Amgen Inc. (AMGN) scored FDA approval Thursday for Uplinza (inebilizumab-cdon) as a treatment for generalized myasthenia gravis, marking the drug's third approved indication.

The approval covers adult patients who test positive for anti-acetylcholine receptor (AChR) and anti-muscle-specific tyrosine kinase (MuSK) antibodies. These patients have a rare, chronic autoimmune disorder where B cells essentially sabotage the communication between nerves and muscles, leading to fluctuating muscle weakness that can significantly impact daily life.
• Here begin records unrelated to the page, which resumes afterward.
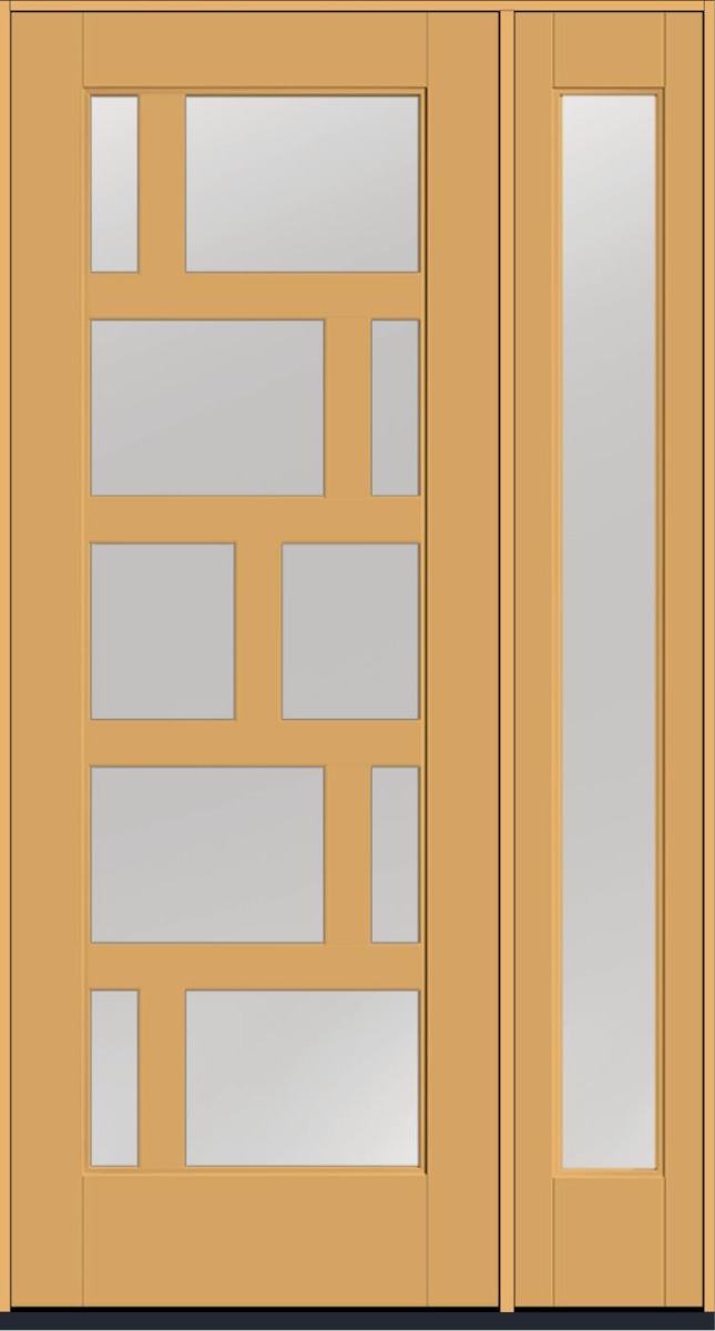 96" Low-E Contemporary Asymmetrical 10 Lite Left SDL Flat 3-1/2" Smooth Full Lite Flush-Glazed Fiberglass Single Door, Full Sidelite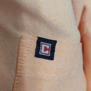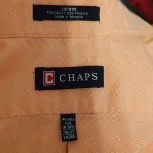 Chaps wrinkle free Oxford button down dress shirt, peach/coral, 74% cotton, L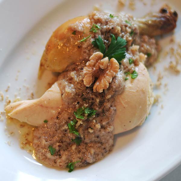 Pile očistite, dodajte sol, papar i stavite ga u vatrostalnu zdjelu. Dodajte vode, pokrijte i pecite nešto manje od sat vremena. Pile razrežite i složite na tanjure.... Maslac i brašno zažutite, dodajte mljevene orahe, češnjak, i sok od pečenja. Umak prokuhajte, prelijte po narezanom pilu. Stavite još peći 10 tak minuta da se dobro zapeče.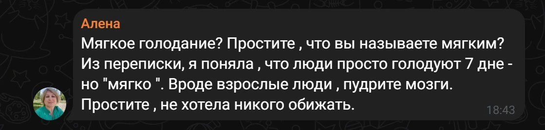 «Хвалю себя за то, что легко прошла пятый день выхода из голодания и благополучно прошла курс до конца.»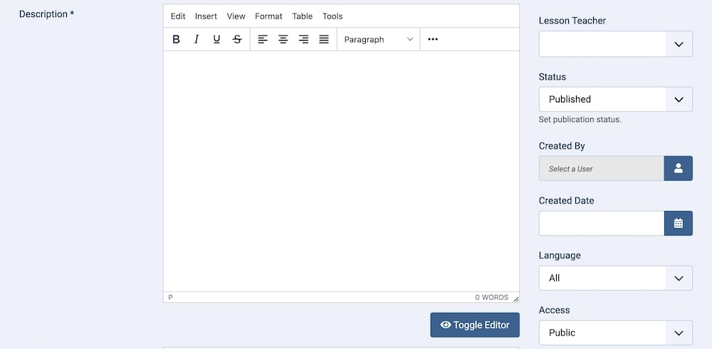 Created By: The person who creates a lesson will be automatically assigned to this field once the lesson is created, but an admin (Super User) can change the user at any time.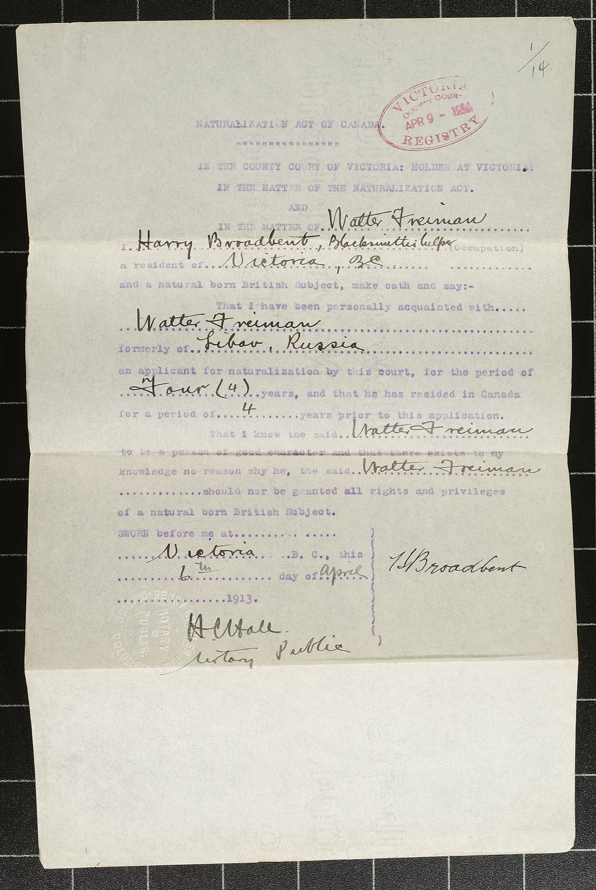 A duo of document sets, each bearing an example of the 25c green British Columbia Law Stamp from the 1905-1912 Fourth Series. Each set of documents features five pages (Law Stamp on the front page), relating to the Naturalization of two individuals into the Province. The first for Walter Freiman 1914 formerly of "Libau, Baltic Russia" (Latvia) and the second for Sokichi Henry 1915 formerly of "Sendai Japan". Both processed in Victoria BC. Interesting historical documents. van Dam catalogue notes "documents scarce". Estimate =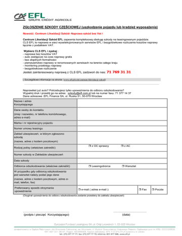 ZGŁOSZENIE SZKODY CZĘ CIOWEJ (uszkodzenie pojazdu lub kradzież wyposażenia) Nowo ćŚ Centrum Likwidacji Szkód- Naprawa szkód bez Vat ! Centrum Likwidacji Szkód EFL zapewnia kompleksową obsługę szkody na leasingowanym pojeździe. CLS EFL to naprawa w sieci wyselekcjonowanych serwisów EFL i bezgotówkowe rozliczenie kosztów naprawy łącznie z podatkiem VAT. Wybierz CLS EFL i zyskaj : - naprawa bez kosztów VAT - auto zastępcze na czas naprawy gratis - bez zbędnych formalności - pierwszeństwo naprawy w renomowanych serwisach na terenie całego kraju - monitoring przebiegu naprawy - bezgotówkowe rozliczenie Jesteś zainteresowany naprawą z CLS EFL zadzwoń do nas: 71 769 31 31 ( Szczegółowe informacje na stronie :www.efl.pl/cok/centrum-likwidacji-szkod) Naprawiłeś już auto? Potrzebujesz tylko upoważnienia do odbioru odszkodowania? Wypełnij druk i prześlij go na adres: [email protected] lub na numer faxu: 71 377 14 37 Dane adresowe :EFL Finance SA, ul. Ruska 51, 50-079 Wrocław Nazwa i adres Korzystającego Dane osoby do kontaktu (imię i nazwisko, nr telefonu komórkowego, adres e-mail) Marka i nr rejestracyjny pojazdu Numer umowy leasingu Zakład ubezpieczeń, w którym zgłoszono szkodę (nazwa, adres z kodem pocztowym) Rodzaj polisy (właściwe zakreślić) z OC sprawcy z AC Numer szkody w Zakładzie ubezpieczeń Data szkody Odbiorca odszkodowania (właściwe zakreślić) Leasingobiorca Warsztat W przypadku gdy odbiorcą odszkodowania jest warsztat należy podać jego dane (nazwa, adres z kodem pocztowym, adres email, telefon, fax) Preferowany sposób otrzymania upoważnienia e-mail ( adres e-mail ): Fax (Oryginał upoważnienia do odbioru odszkodowania zostanie przesłany do zakładu ubezpieczeń) ………………………………………. (podpis i pieczęć Korzystającego) …………………………… (data) Poczta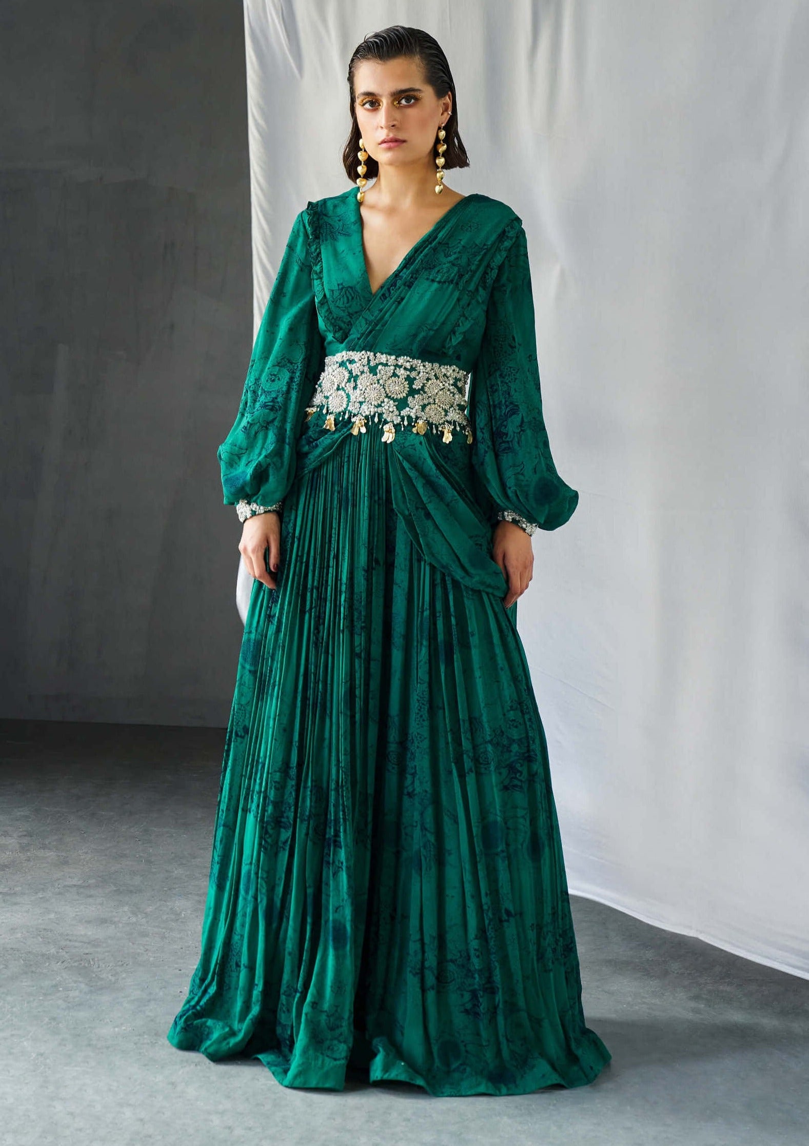 Presenting a captivating ensemble: our teal and black blossom print pallazo Saree, elegantly adorned with an embroidered cutwork belt. This unique fusion of a Saree and palazzo pants is a celebration of modern style and sophistication, perfect for making a fashion statement at any occasion.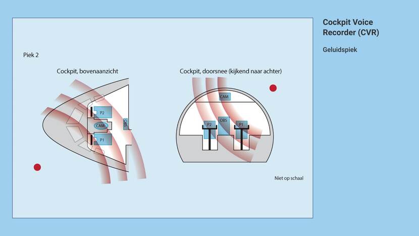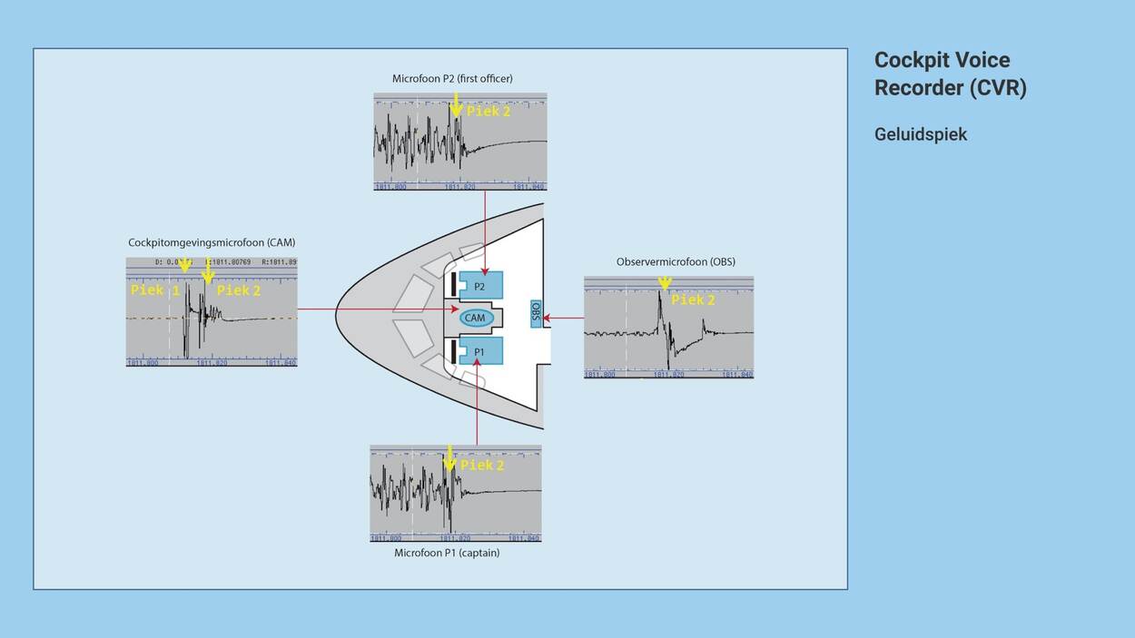 De Cockpit Voice Recorder (CVR) van MH17 is aangetroffen op één van de plekken waar delen van het toestel zijn neergestort. De Cockpit Voice Recorder is overgedragen aan de Onderzoeksraad voor Veiligheid (OVV) die onderzoek heeft gedaan naar die CVR. Daarna is deze ook binnen het opsporingsonderzoek onderzocht. Kort voordat de recorder stopte met opnemen, is in de laatste 20 milliseconden een ultrakorte geluidsgolf van buiten het vliegtuig opgemerkt. Deze geluidsgolf is zo kort dat deze niet hoorbaar is met het oor, maar de geluidsgolf kon wel worden uitgelezen. U ziet op deze afbeelding, afkomstig uit het rapport van de Onderzoeksraad voor Veiligheid, hoe de geluidsgolf verschillend is geregistreerd door vier microfoons in de cockpit. Deze afbeelding kijkt als het ware van boven op de cockpit. Op deze afbeelding ziet u links hetzelfde bovenaanzicht van de cockpit. De geluidsgolf kwam van buiten het vliegtuig vanaf een positie boven de linkerzijde van de cockpit en ging van voren naar achteren. Met de linkerkant wordt bedoeld de kant die links is als vanaf de achterkant van het vliegtuig naar voren wordt gekeken. Deze oorsprong en richting konden worden vastgesteld omdat zich in de cockpit meerdere microfoons bevonden en er onderling kleine verschillen waren in de tijdsregistratie van de geluidsgolf. Dit is op de linkerhelft van deze afbeelding weergegeven met een rode stip op de plek waar ongeveer de explosie moet hebben plaatsgevonden. De richting van de geluidsgolf is hierbij afgebeeld met de rode banen. Dit verklaart waarom deze geluidsgolf door de verschillende microfoons in de cockpit op verschillende wijzen is geregistreerd. Op de rechterhelft van deze afbeelding is dit weergegeven in een vooraanzicht van de cockpit. Het is als het ware alsof je voor het vliegtuig staat en recht de cockpit inkijkt. Opnieuw geeft de rode stip bij benadering de plaats van de explosie weer, boven de linkerzijde van de cockpit.

What makes this interesting is the dosing schedule. After two initial loading doses, patients only need two doses per year. That's a pretty convenient regimen for managing a chronic condition that requires long-term disease control.

The FDA based its approval on data from the Phase 3 MINT trial, which had patients on steroids start tapering at Week 4, aiming to hit just 5 mg of prednisone daily by Week 24. The steroid reduction was successful for most patients: by Week 26, about 87.4% of Uplinza patients and 84.6% of placebo patients had gotten down to 5 mg or less per day.

More importantly, Uplinza showed meaningful improvement in daily functioning. At Week 26, patients taking the drug scored 1.9 points better on the Myasthenia Gravis Activities of Daily Living scale compared to placebo (a reduction of 4.2 points versus 2.2 points). That difference matters when you're measuring someone's ability to handle everyday tasks.

Amgen shares were up 0.26% at $318.19 in Friday trading.